Lady Chelsford entered, gorgeous in white satin and a flaming tiara.
She looked at me, I thought, a little gravely.

"Morton," she said, "I want you to spare me a minute. Mr. Ducaine will
excuse you, I am sure."

Lord Cheisford and she left the room together. I, feeling the heat of
the apartment, walked to the window, and raising the sash looked out
into the cool dark evening. At the door, drawn up in front of Lord
Cheisford's brougham, was a carriage with a tall footman standing facing
me. I recognized him and the liveries in a moment. It was the
Rowchester carriage. Some one from Rowchester House was even now with
Lord and Lady Chelsford.

Fresh complications, then! Had the Duke come to see me off, or had his
suspicions been aroused? Was he even now insisting upon an explanation
with Lord Cheisford? The minutes passed, and I began to get restless
and anxious. Then the door opened, and Lord Chelsford entered alone.
He came over at once to my side. He was looking perplexed and a little
annoyed.

"Ducaine," he said, "Lady Angela Harberly is here."

I started, and I suppose my face betrayed me.

"Lady Angela--here?"

"And she wishes to see you," he continued. "Lady Chelsford is
chaperoning her to-night to Suffolk House, but she says that she should
have come here in any case. She believes that you are going to China."
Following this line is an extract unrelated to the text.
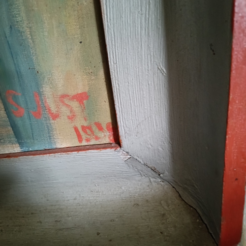 Obraz na płótnie o wymiarach 130 x 100 cm, najprawdopodobniej zaraz po namalowaniu, został oprawiony w drewnianą ramę pomalowaną na szary kolor. Na odwrocie ramy jest podpis artysty: S Just. Teraz „Kobieta w kapeluszu” jest przygotowywana do renowacji.
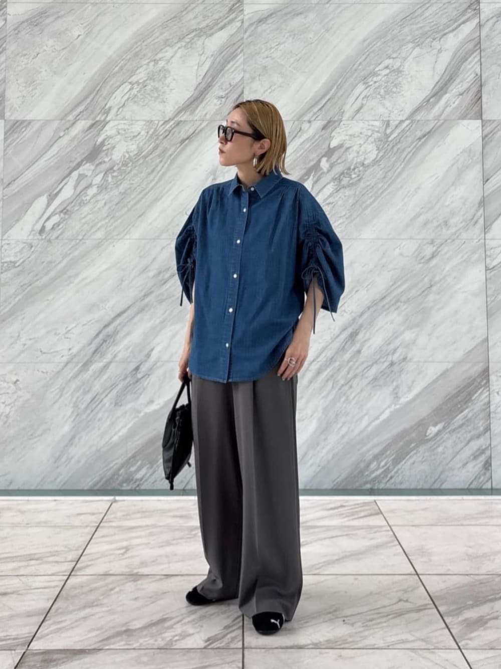 袖デザインが目を引くデニムシャツ。 デニムのごわつきはなく、薄手で柔らかく着やすいです。 肘の隠れる袖丈で、軽めの羽織で使えるのもいいです。

"Did you tell her?" I asked.

"I have told her nothing," he answered. "The question is, what you are
to tell her. I understand, Ducaine, that Lady Angela was engaged to be
married to Colonel Ray."

"I believe that she is," I admitted.

"Then I do not understand her desire to see you," Lord Chelsford said.
"The Duke of Rowchester is my friend and relative, Ducaine, and I do not
see how I can permit this interview."

"And I," said a quiet thrilling voice behind his back, "do not know how
you are going to prevent it."

She closed the door behind her. She was so frail and so delicately
beautiful in her white gown, with the ropes of pearls around her neck,
the simply parted hair, and her dark eyes were so plaintive and yet so
tender, that the angry exclamation died away on Lord Cheisford's lips.

"Angela," he said, "Mr. Ducaine is here. You can speak with him if you
will, but it must be in my presence. You must not think that I do not
trust you--both of you. But I owe this condition to your father."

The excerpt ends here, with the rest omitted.